■ **TASK GOAL**: With the pictures set aside, write out all of the data exactly as it stands.

---- DATASET RECORDS

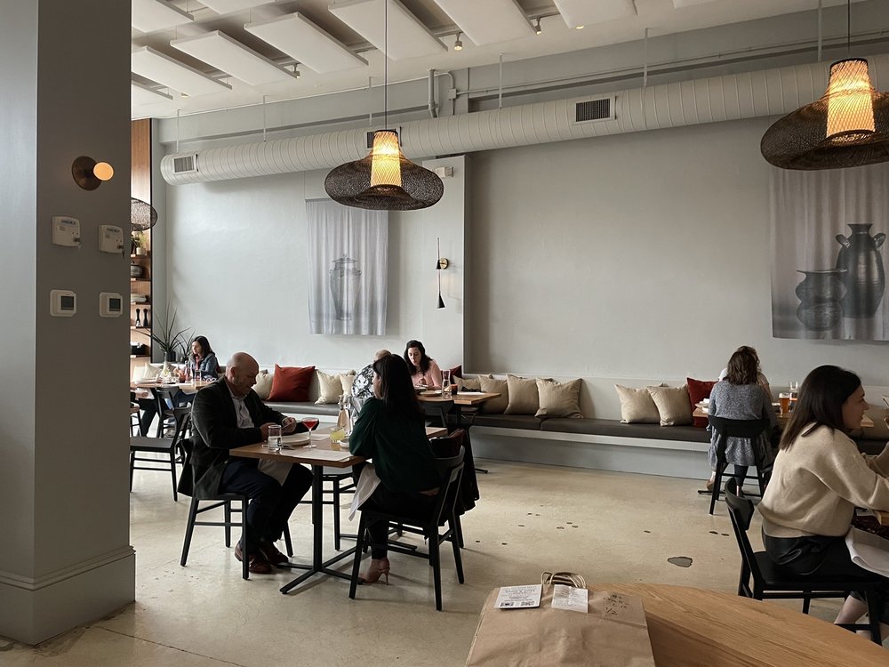 Zhug is a new concept by chef Douglas Katz that offers “Middle Eastern Mezze” in a casual, high energy urban space at Cedar Fairmount. Low tables with pillows surround the space filled with tables. There is no hint of its past as a Liquid Planet. The kitchen is tucked in the back right corner. Esquire magazine named it one of 23 Best New Restaurants in America in 2020. Michael Symon visited town a few months ago for the birth of his new grandson and praised it on Instagram as “insanely good .. one of the best and most thoughtful restaurants in the country right now IMHO.“ The praise, combined with a serious lack of parking and the fact that they don’t take reservations, made the restaurant pretty difficult to visit (even though I live very close).
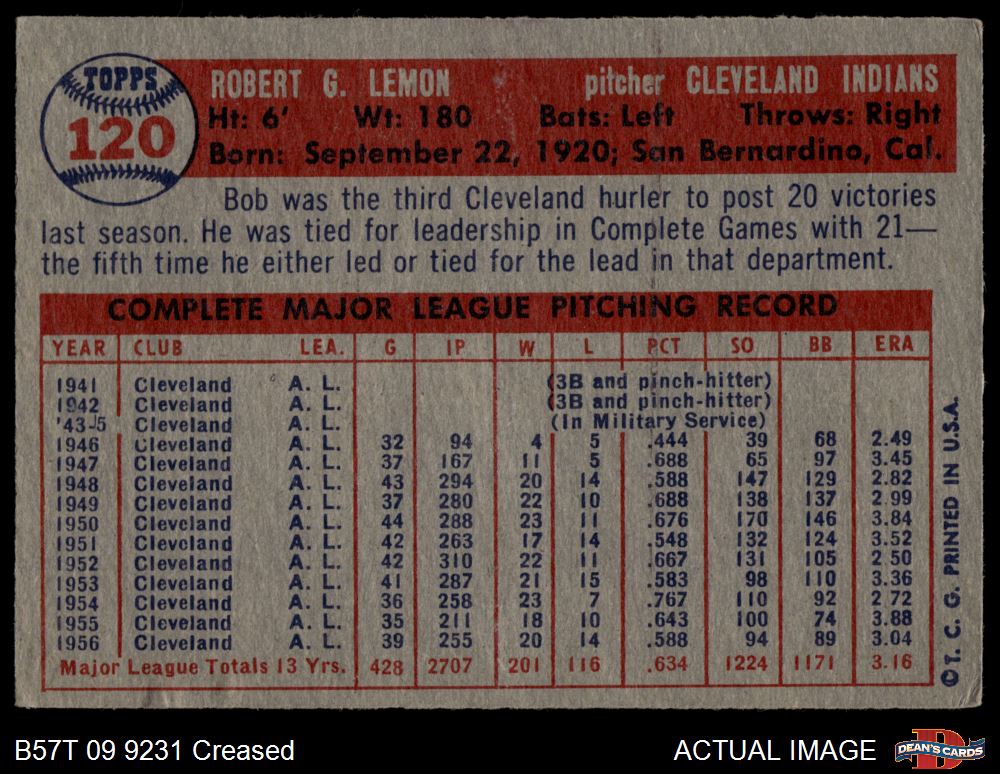 1957 Topps #120 Bob Lemon Front Thumbnail
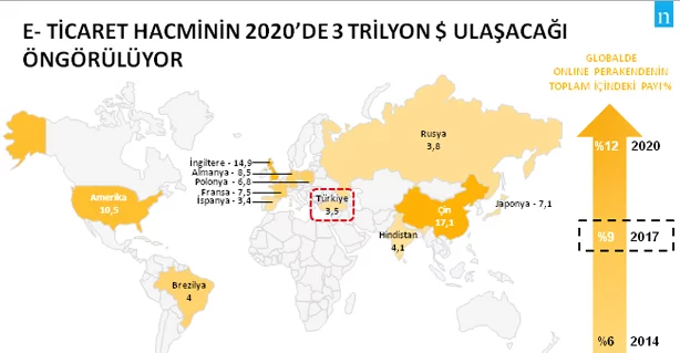 Nielsen Perakende Hizmetleri Lideri Tamer Gülsaç, “Global ölçekte toplam perakendenin %9’unu yapmakta olan e-ticaretin, 2020’de bu ağırlığını %12’ye çıkaracağı öngörülüyor. Hızlı tüketim ürünlerinin de içinde yer aldığı Türkiye perakende pazarında e-ticaret payı global ortalamanın altında. E-ticaret açısından Türkiye, ekonomik olarak da paralellikler gösterdiği Rusya ve Brezilya ile benzer bir yapıya sahip. TÜBİSAD verilerine göre 2017 yılında Türkiye’de online perakendenin toplam perakende içindeki payı %4,1 olarak gerçekleşti. Öte yandan bu alanda Çin, ABD ve İngiltere başı çekiyor.” dedi.
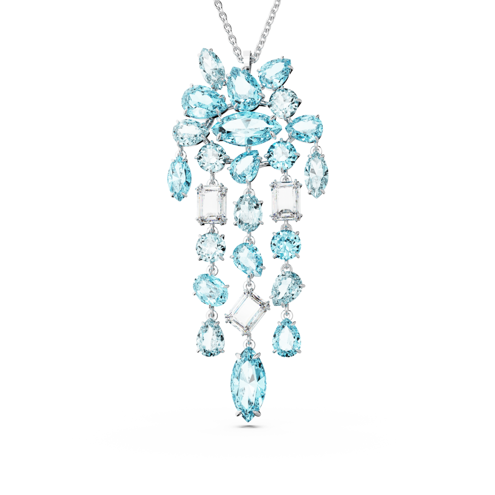 Gema pendant, Mixed cuts, Blue, Rhodium plated
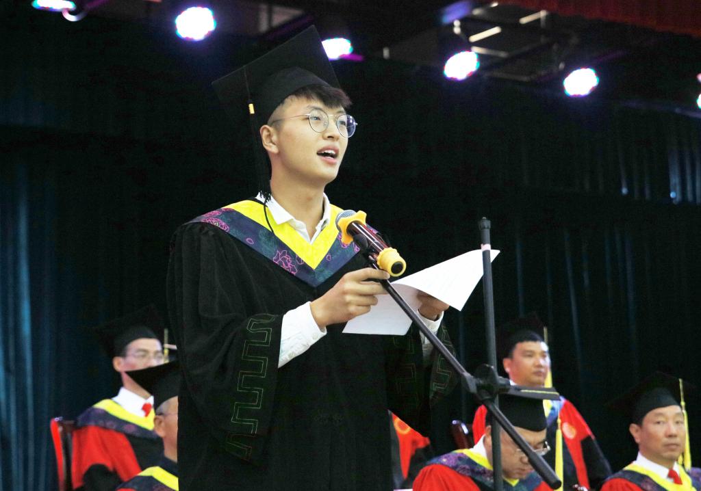 土木工程学院敬涛同学作为毕业生代表发言,他表达了对母校的感激之情,表示将不忘初心,逐梦前行,奋斗不息,努力不止,在奉献社会中成长自己,实现自己。

--------

■ **RESULT OF THIS EXERCISE**:
 Zhug is a new concept by chef Douglas Katz that offers “Middle Eastern Mezze” in a casual, high energy urban space at Cedar Fairmount. Low tables with pillows surround the space filled with tables. There is no hint of its past as a Liquid Planet. The kitchen is tucked in the back right corner. Esquire magazine named it one of 23 Best New Restaurants in America in 2020. Michael Symon visited town a few months ago for the birth of his new grandson and praised it on Instagram as “insanely good .. one of the best and most thoughtful restaurants in the country right now IMHO.“ The praise, combined with a serious lack of parking and the fact that they don’t take reservations, made the restaurant pretty difficult to visit (even though I live very close).
 1957 Topps #120 Bob Lemon Front Thumbnail
 Nielsen Perakende Hizmetleri Lideri Tamer Gülsaç, “Global ölçekte toplam perakendenin %9’unu yapmakta olan e-ticaretin, 2020’de bu ağırlığını %12’ye çıkaracağı öngörülüyor. Hızlı tüketim ürünlerinin de içinde yer aldığı Türkiye perakende pazarında e-ticaret payı global ortalamanın altında. E-ticaret açısından Türkiye, ekonomik olarak da paralellikler gösterdiği Rusya ve Brezilya ile benzer bir yapıya sahip. TÜBİSAD verilerine göre 2017 yılında Türkiye’de online perakendenin toplam perakende içindeki payı %4,1 olarak gerçekleşti. Öte yandan bu alanda Çin, ABD ve İngiltere başı çekiyor.” dedi.
 Gema pendant, Mixed cuts, Blue, Rhodium plated
 土木工程学院敬涛同学作为毕业生代表发言,他表达了对母校的感激之情,表示将不忘初心,逐梦前行,奋斗不息,努力不止,在奉献社会中成长自己,实现自己。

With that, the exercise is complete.